Add to the web app manifest proper icons for different devices and you will also setup the icon name and the color properties needed for creating the splash screen.
- [Instructor] We now have the web app manifest there so it's time to define some icons and theme colors. Let's start with desktop. When we are running on desktop, you can see that little icon there that by default has an Angular logo. It's the Angular icon. And also we have the title there. So, let's change that. That's a standard HTML. So, for example, we can say here, "My Coffee App," put some spaces. And here we have this icon. So, here we have a link with rel icon pointing to a favicon file that we don't want, really.

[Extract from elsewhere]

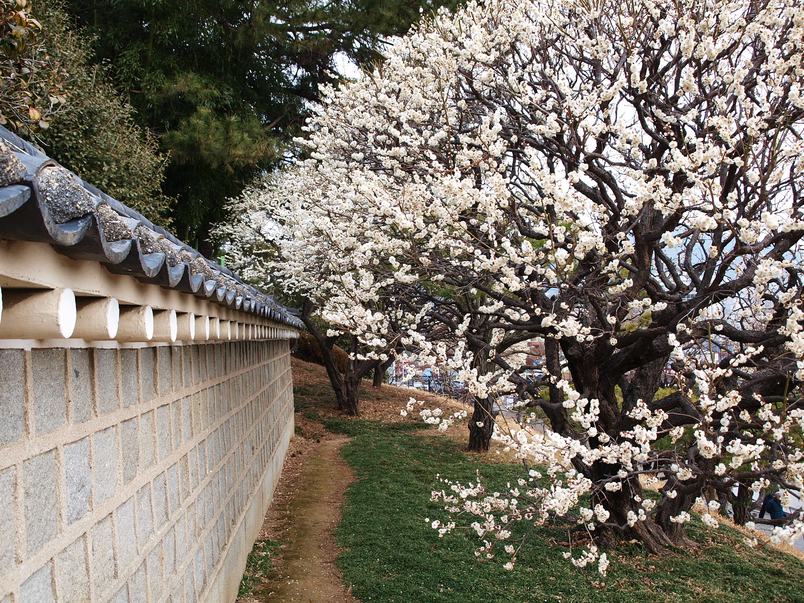 크림색으로 하얗게 핀 매화꽃은 만개 하였고

So, I'm going to use four icons, a set of icons that I have here in a folder that you can download in the Exercise Files of this video. And I'm going to create then a folder inside source. I will call this icons. And I'm going to put all these icons here. Of course, you can have your own icons as well. You can see I have icons in different sizes. For the favicon let's use the smallest one.

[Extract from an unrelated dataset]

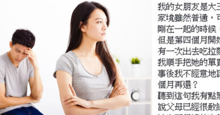 男友賺不少但仍要AA制,女友反嗆「都配合%%還計較」4個月後變本加厲露狐狸尾巴!網友:是妓女與恩客關係?
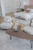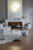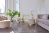 bardzo lekki barokowy styl luksusowe wnętrze dużego salonu. Białe ściany ozdobione niesamowitą sztukaterią. Apartament w stylu królewskim z eleganckimi meblami z elementami złota

So, I'm going to point to images/icon_96.png. Also, the type is different, this is not an ico file, it's a png, so I'm going to change the type. And if I want to serve that new folder, I need to say so to .angular-cli. Opening .angular-cli.json and adding another asset for my icons. And, if I want, I can remove the favicon file because I'm not going to use it anymore.
So, I need to save these and also I need to serve again. So, probably you need to stop your server and start your server again. So, here is my server. I will stop it with Control + C. And I will serve again. That will take the new changes in the cli.json file. Okay, it's done. So, I'm going to save my new HTML file. So, you can see my icon is not there, it's taking the old one because I don't have the same name here.

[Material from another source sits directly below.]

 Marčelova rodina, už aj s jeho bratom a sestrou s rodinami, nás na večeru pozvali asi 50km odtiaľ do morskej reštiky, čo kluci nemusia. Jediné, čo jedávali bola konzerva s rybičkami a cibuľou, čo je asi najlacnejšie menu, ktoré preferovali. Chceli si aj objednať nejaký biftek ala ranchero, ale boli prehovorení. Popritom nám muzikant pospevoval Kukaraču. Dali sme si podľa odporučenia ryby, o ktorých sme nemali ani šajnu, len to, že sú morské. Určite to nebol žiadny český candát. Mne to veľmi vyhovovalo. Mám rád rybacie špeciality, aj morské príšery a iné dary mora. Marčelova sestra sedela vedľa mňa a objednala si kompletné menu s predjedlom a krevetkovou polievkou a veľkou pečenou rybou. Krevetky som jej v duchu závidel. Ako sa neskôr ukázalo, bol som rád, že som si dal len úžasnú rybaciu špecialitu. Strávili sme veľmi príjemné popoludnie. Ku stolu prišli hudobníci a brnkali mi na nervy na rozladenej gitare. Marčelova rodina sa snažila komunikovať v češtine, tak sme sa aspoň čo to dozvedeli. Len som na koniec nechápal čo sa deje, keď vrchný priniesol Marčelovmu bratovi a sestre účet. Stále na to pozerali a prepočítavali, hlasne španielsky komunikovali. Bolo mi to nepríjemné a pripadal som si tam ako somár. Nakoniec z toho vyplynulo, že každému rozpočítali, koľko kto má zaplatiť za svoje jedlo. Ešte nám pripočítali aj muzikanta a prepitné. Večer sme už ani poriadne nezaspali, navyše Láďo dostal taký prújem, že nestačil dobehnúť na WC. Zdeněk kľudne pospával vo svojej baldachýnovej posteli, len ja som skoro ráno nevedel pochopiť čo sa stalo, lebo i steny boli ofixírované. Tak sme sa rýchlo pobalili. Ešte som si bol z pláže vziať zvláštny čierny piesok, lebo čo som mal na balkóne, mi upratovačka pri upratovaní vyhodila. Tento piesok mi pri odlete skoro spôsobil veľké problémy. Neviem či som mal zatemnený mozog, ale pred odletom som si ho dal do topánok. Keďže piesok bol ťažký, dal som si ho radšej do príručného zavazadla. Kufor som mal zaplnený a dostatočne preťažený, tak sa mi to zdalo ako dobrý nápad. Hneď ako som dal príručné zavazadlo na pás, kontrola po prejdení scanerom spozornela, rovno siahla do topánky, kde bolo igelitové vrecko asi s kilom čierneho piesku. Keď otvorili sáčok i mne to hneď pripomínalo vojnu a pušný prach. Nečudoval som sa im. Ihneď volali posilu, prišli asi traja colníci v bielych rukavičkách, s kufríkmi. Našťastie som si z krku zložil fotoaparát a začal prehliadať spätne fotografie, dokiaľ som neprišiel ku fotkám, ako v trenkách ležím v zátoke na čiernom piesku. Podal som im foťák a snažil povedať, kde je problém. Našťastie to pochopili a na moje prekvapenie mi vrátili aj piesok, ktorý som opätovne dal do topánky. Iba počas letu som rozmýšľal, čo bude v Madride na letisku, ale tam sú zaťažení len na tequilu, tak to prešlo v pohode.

It says images and you can see it's icons. So, I need to update that, so icons. I will save. And now you can see we have a nice icon there for my desktop computer. Now let's see what happens on Android. As you can see here, Android is ignoring that favicon. That icon is for desktop. Also, on Android, we have the whole status bar.
So, the first pixels where you can see for example, the notification part of the operating system. And also the URL bar. On Android we can customize that with something called theme color. So, let's do that. So, going back to the HTML, I'm going to add a meta tag anywhere inside the head. I'm going to say meta name "theme-color". And as the content, we can add any CSS color.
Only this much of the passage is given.